Actually, broadcast probably has nothing to do with what I’m up to at the moment.. it’s more for myself than anything.

I’ve been hunting around the Innertoobs (be vewy, vewy quiet) in search of progressive-rock-minded radio streams that may wish to take a chance on @Fulcrum music. Silly me, I thought I could just throw my muse up to Tunecore, and it would automagically find its progressive-rock-minded audience. (bzzt) “Tell him what he’s won, Johnny!” “First, a grand total of three or four actual sales off iTunes in the space of a year and nine months! Second, the latest in ladies’ fashion with this Speidel gold-plated wrist band!”

So marketing and self-promotion come into the equation after all, at neither of which I consider myself too terribly adept. And having a listen to the two albums available for your dining and dancing pleasure, I find that one sounds great—this would be the one I did in three weeks, Movement Along A Path. The other, into which I sank three or four years and my marriage, not so much. That would be Luminous City, the current objet d’art under discussion. Mixes collapse into the black hole of phase cancellation; entire instruments drop out at unexpected places; the vocals sound by turns like I am singing from a great distance from the microphone, say atop K2 with the mic (not even an SM-58, but a clone of one) down in a valley, or as if someone were trying to cram marshmallows (or a down pillow) into my mouth as I sang.

While I knew it needed to happen sometime, I hadn’t intended on revisiting Luminous City until after the third (fourth?) @Fulcrum record was completed; I projected a remix for down the road a few years. But on revieing the album with a mind towards actual airplay, it was clear to me that I needed  to revise my plans a little, so as not to embarrass myself or sully the good name of @Fulcrum too terribly much.

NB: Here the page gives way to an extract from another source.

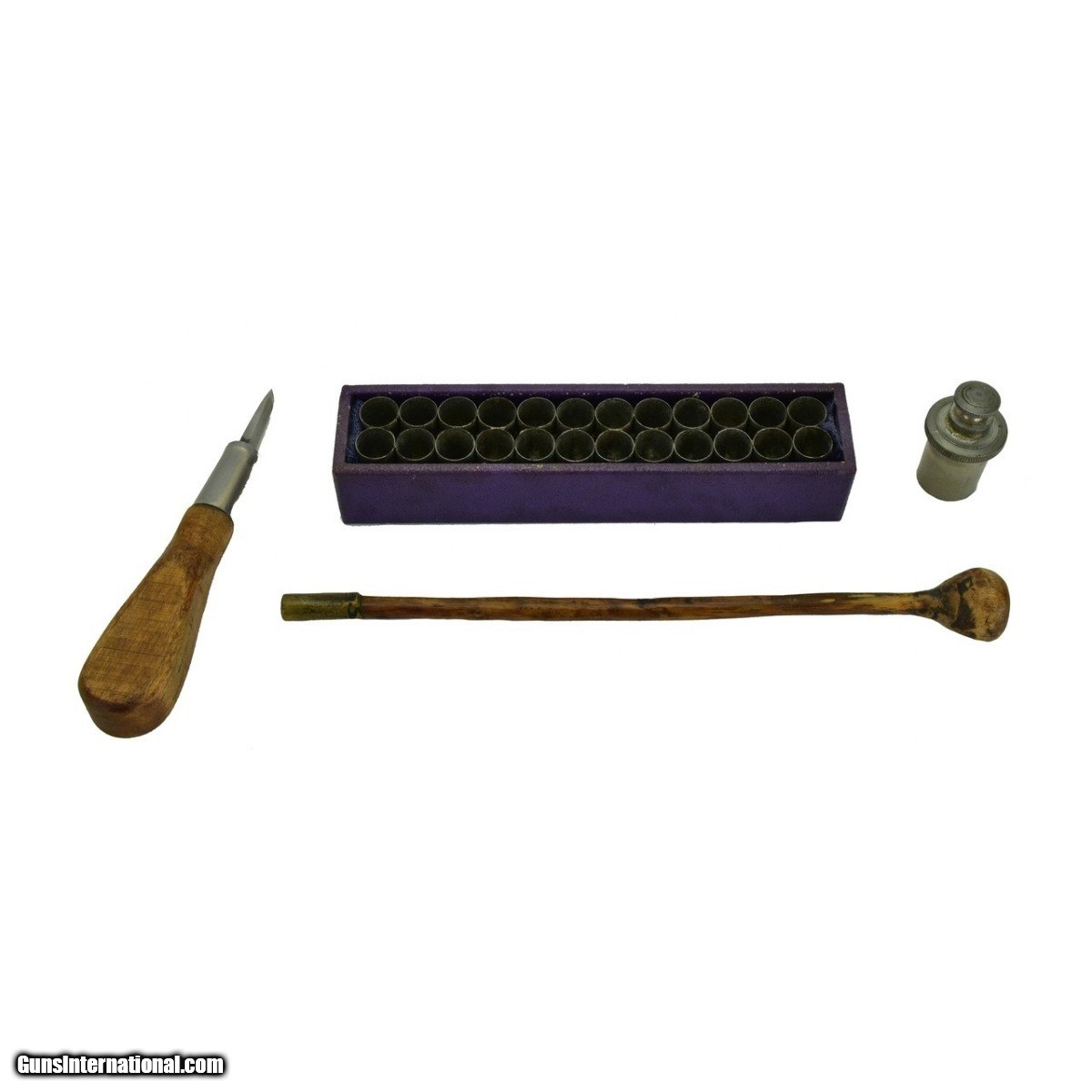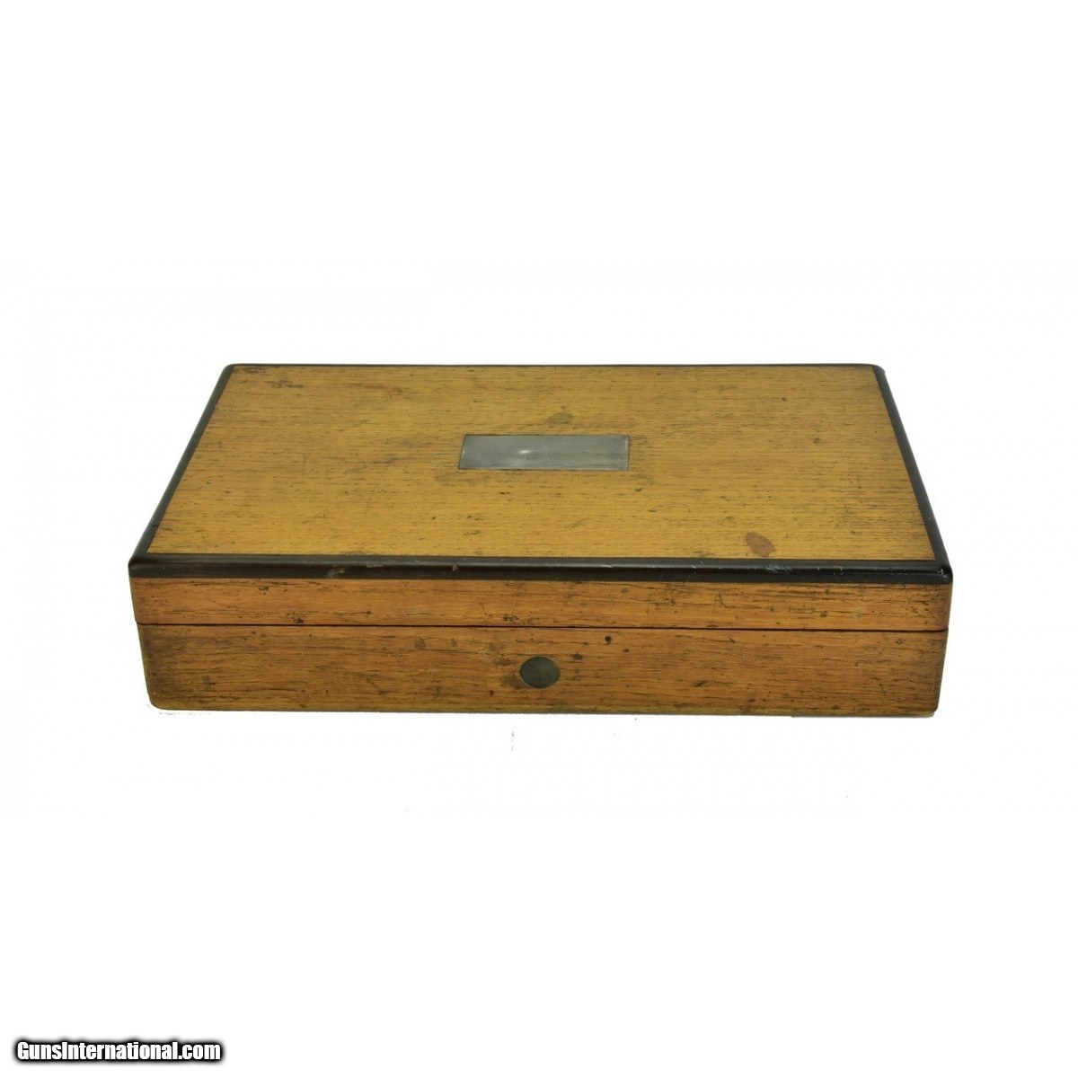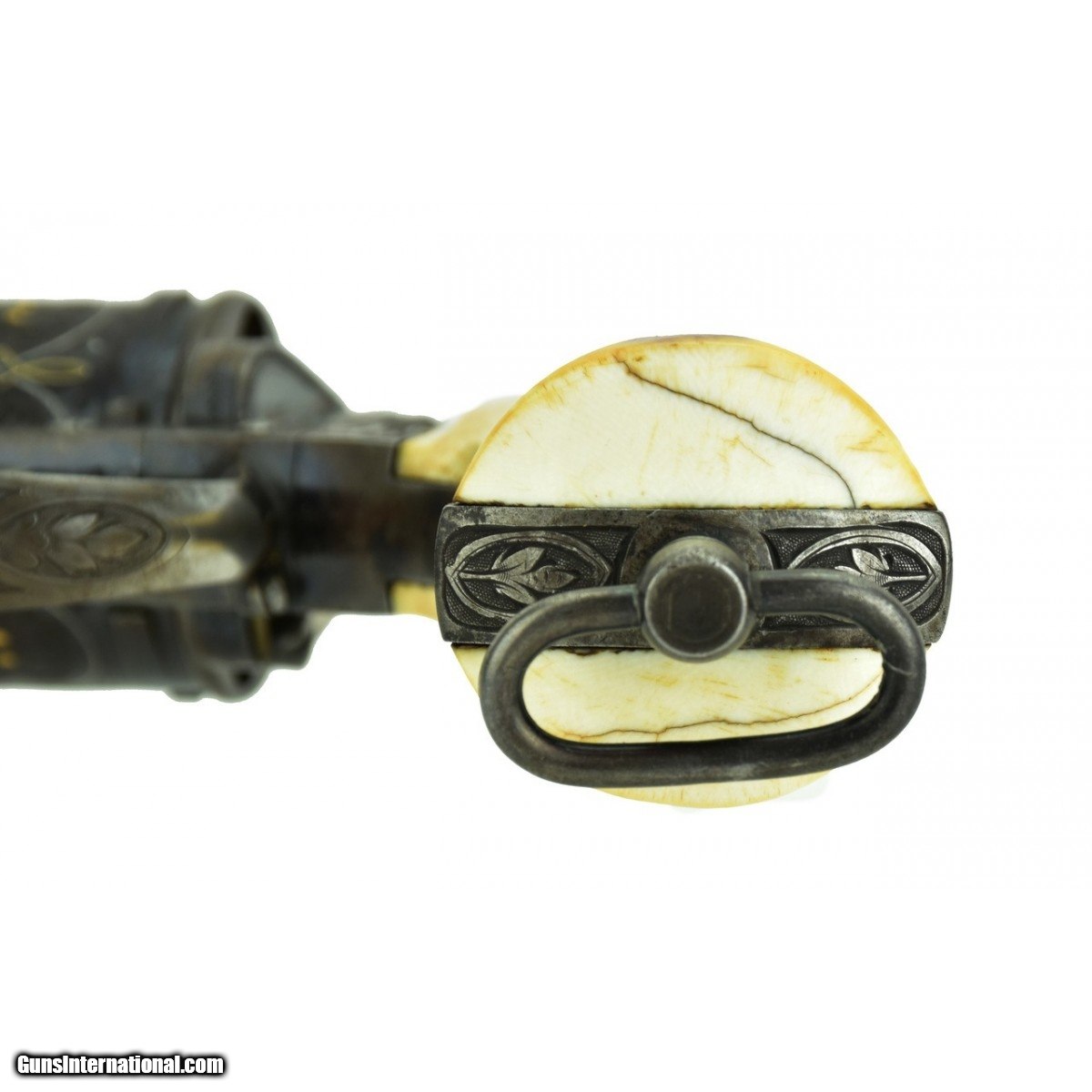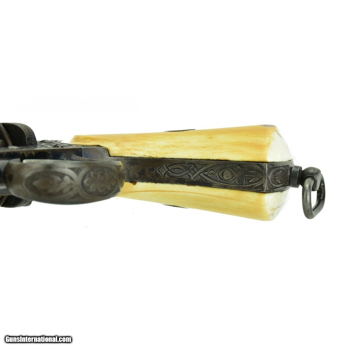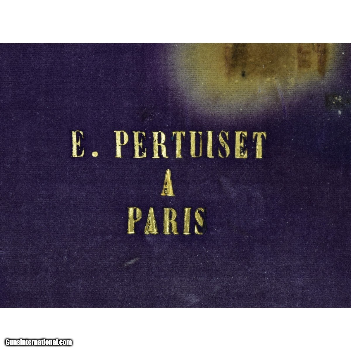 Description: "Very Rare French Levaux Revolver by E. Pertuiset. Very interesting gun! Gun is very fine condition with 90% of the original blue. Gun is highly engraved and has gold inlays on the cylinder. The right hand side of the barrel is marked “E. Pertuiset a Paris". The only other marking is on the left hand side of the barrel’s lug, “Acier Fondu" which translates to cast steel. Gun has beautiful grips. Very nice condition gun that has an interesting self-ejecting break open system. The case has all of the accessories. It is a French casing and has the makers name on the lid. The top of the lid has a blank silver plaque. Along with this gun comes some research information from the littlegun.be detailing the Levaux guns. We have owned one other set that was almost identical to this one. SOLD Antique: Yes |

And so here in the Sanctum, the Mac sits in its road case for the time being, waiting. I have my old home-built Frankincense pee cee running again for the first time in God knows how long, and am reacquainting myself with the joys of Sonar, Cakewalk’s flagship DAW. It’s been, um, enlightening:

  • Decisions I made at the time in order to conserve CPU resources, for example printing tracks too hot and with too much effect, are coming back to nip at my bum.
  • The tracks weren’t recorded all that well to begin with, a function of what I had to work with at the time.
  • My Traveler interface so far refuses to operate above 16 bit/44.1kHz under Windows XP. This is a head-scratcher. (By contrast, I’m recording Describing An Arc at 24/96 on my Mac, roughly 18 times the resolution of Luminous City.) I cannot work in Sonar’s preferred method of dealing with audio hardware, WDM, because then nothing happens: either the transport fails to move me through the audio, or it moves and no audio actually shows up at the Traveler. I have to use the slightly-more industry standard ASIO driver for any communication to take place, which Sonar will do, but it’s clear to me from working that it doesn’t particularly enjoy speaking a foreign language.
  • An entire track failed to get backed up to my dual-layer DVDs back in 2009 and needs to be recut entirely. I can’t find the session on any of my other backups yet, and it doesn’t still exist on my hard drives. Naturally, it’s the song I think sounds the worst of the lot. Maybe that’s a blessing in disguise.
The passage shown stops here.